Download Pretrained Network
Download the pretrained speech enhancement (SE) network, ambisonic test files, and labels. The model architecture is based on [1] and [4], as implemented in the baseline system for the L3DAS21 challenge task 1 [2]. The data the model was trained on and the ambisonic test files are provided as part of [2].
downloadFolder = matlab.internal.examples.downloadSupportFile("audio","speechEnhancement/FaSNet.zip"); dataFolder = tempdir; unzip(downloadFolder,dataFolder) netFolder = fullfile(dataFolder,"speechEnhancement"); addpath(netFolder)
Load and Inspect Data
Load the clean speech and listen to it.
[cleanSpeech,fs] = audioread("cleanSpeech.wav");
soundsc(cleanSpeech,fs)
In the L3DAS21 challenge, "clean" speech files were taken from the LibriSpeech dataset and augmented to obtain synthetic tridimensional acoustic scenes containing a randomly placed speaker and other sound sources typical of background noise in an office environment. The data is encoded as B-format ambisonics. Load the ambisonic data. First order B-format ambisonic channels correspond to the sound pressure captured by an omnidirectional microphone (W) and sound pressure gradients X, Y, and Z that correspond to front/back, left/right, and up/down captured by figure-of-eight capsules oriented along the three spatial axes.
[ambisonicData,fs] = audioread("ambisonicRecording.wav");
Listen to a channel of the ambisonic data.
channel = 1;
soundsc(ambisonicData(:,channel),fs)
To plot the clean speech and the noisy ambisonic data, use the supporting function compareAudio
.
compareAudio(cleanSpeech,ambisonicData,SampleRate=fs)

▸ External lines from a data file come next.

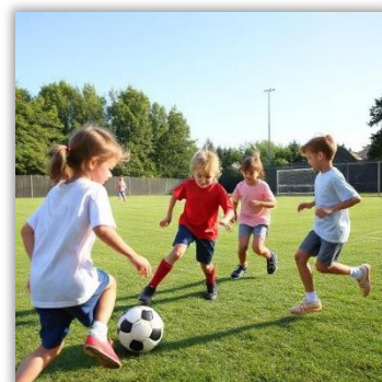
Anpiff in die Sommerferien – Sommer, Sonne, Fußballspaß! Sommerferien
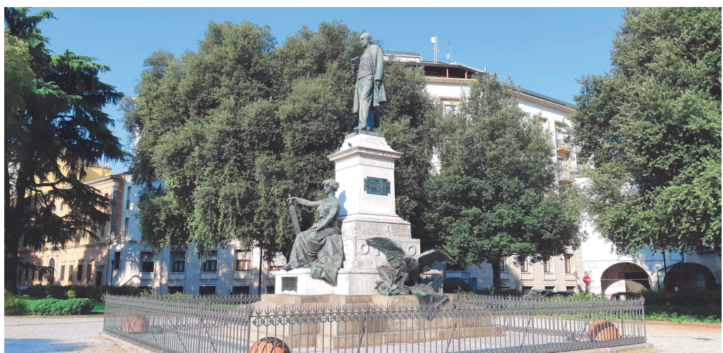
Giardini di Piazzale Mazzini – monumento del Mazzini
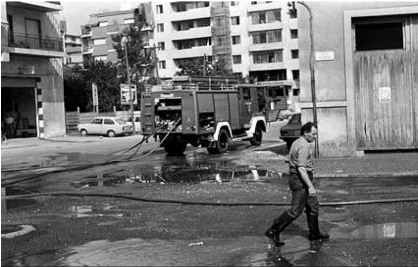
Foto: Explosió d'un contenidor a Can Pagans. Tasques de neteja Ajuntament de Girona. 22/7/78

Molts veïns del barri ja havien manifestat queixes pels olors insuportables que havien de patir mentre la fàbrica va estar en funcionament; a més patien per la incertesa provocada per un accident que es va produir estant la fàbrica enmig de la ciutat. Concretament va ser l'any 1978 que va explotar un dipòsit d'àcid clorhídric, cosa que va acabar de fer decidir l'ajuntament el trasllat de la factoria a Cervià de Ter. Aquesta operació fou executada a la primavera de l'any 1986, per tant força anys després del començament de la urbanització del carrer que havia començat cap els anys 70. D'aquí que els veïns s'hi mostressin tan a favor.
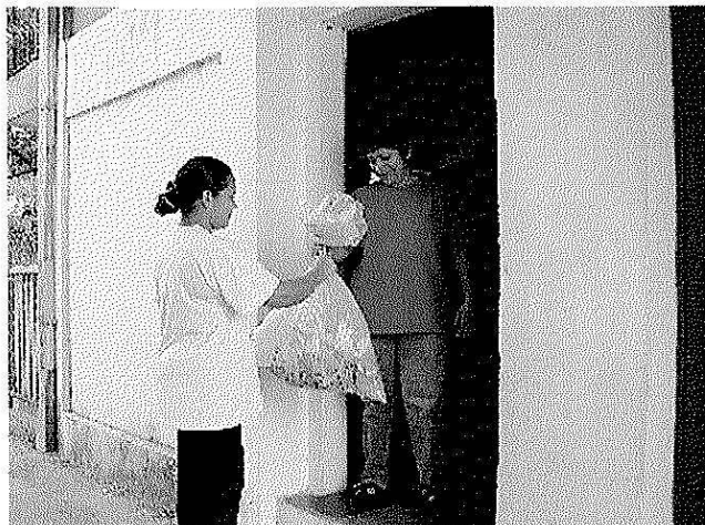
Recolección de muestras de residuos domésticos
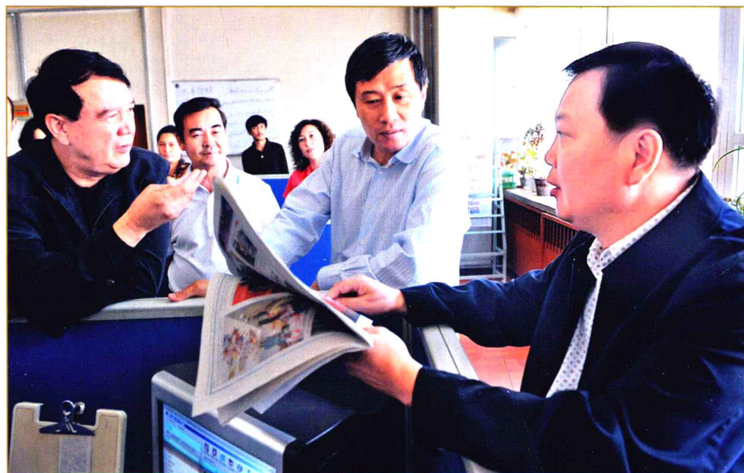
2009年9月7日,中共中央宣传部副部长孙志军(右二)考察新疆日报社。
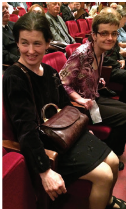
Muzikál Hello Dolly byl úžasný
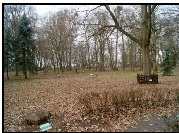
Park z cennym drzewostanem
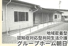
地域密着型認知症対応型共同生活介護グループホーム朝日
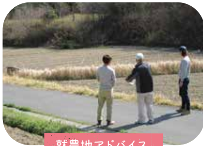
就農地アドバイス
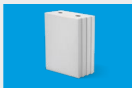
Silka Tempo – elementy murowe str. 10
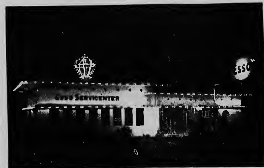
Het prachtig geillumineerde Esso Servistation in de Maria Christinastraat in Oranjestad. Vooral de kroon op het dak is een prachtig stuk werk.
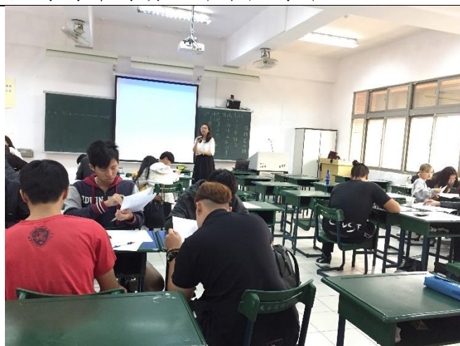
詩亞老師帶領學生作業練習
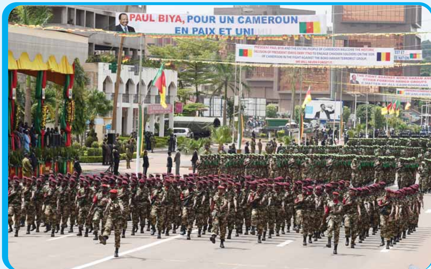
Les éléments du Bataillon des troupes aéroportées et ceux du Bataillon spéciale amphibie font aussi preuve de leur habileté dans la lutte contre Boko Haram et la piraterie maritime.

To visualize the spectrograms of the clean speech and the noisy ambisonic data, use the supporting function compareSpectrograms
.
compareSpectrograms(cleanSpeech,ambisonicData)
Mel spectrograms are auditory-inspired transformations of spectrograms that emphasize, de-emphasize, and blur frequencies similar to how the auditory system does. To visualize the mel spectrograms of the clean speech and the noisy ambisonic data, use the supporting function compareSpectrograms
and set Warp
to mel
.
compareSpectrograms(cleanSpeech,ambisonicData,Warp="mel")
Perform 3-D Speech Enhancement
Use the supporting object, seModel
, to perform speech enhancement. The seModel
class definition is in the current folder when you open this example. The object encapsulates the SE model developed in Train 3-D Speech Enhancement Network Using Deep Learning. Create the model, then call enhanceSpeech
on the ambisonic data to perform speech enhancement.
model = seModel(netFolder); enhancedSpeech = enhanceSpeech(model,ambisonicData);
Listen to the enhanced speech. You can compare the enhanced speech listening experience with the clean speech or noisy ambisonic data by selecting the desired sound source from the dropdown.
soundSource = enhancedSpeech;
soundsc(soundSource,fs)
Compare the clean speech, noisy speech, and enhanced speech in the time domain, as spectrograms, and as mel spectrograms.
compareAudio(cleanSpeech,ambisonicData,enhancedSpeech)
compareSpectrograms(cleanSpeech,ambisonicData,enhancedSpeech)
compareSpectrograms(cleanSpeech,ambisonicData,enhancedSpeech,Warp="mel")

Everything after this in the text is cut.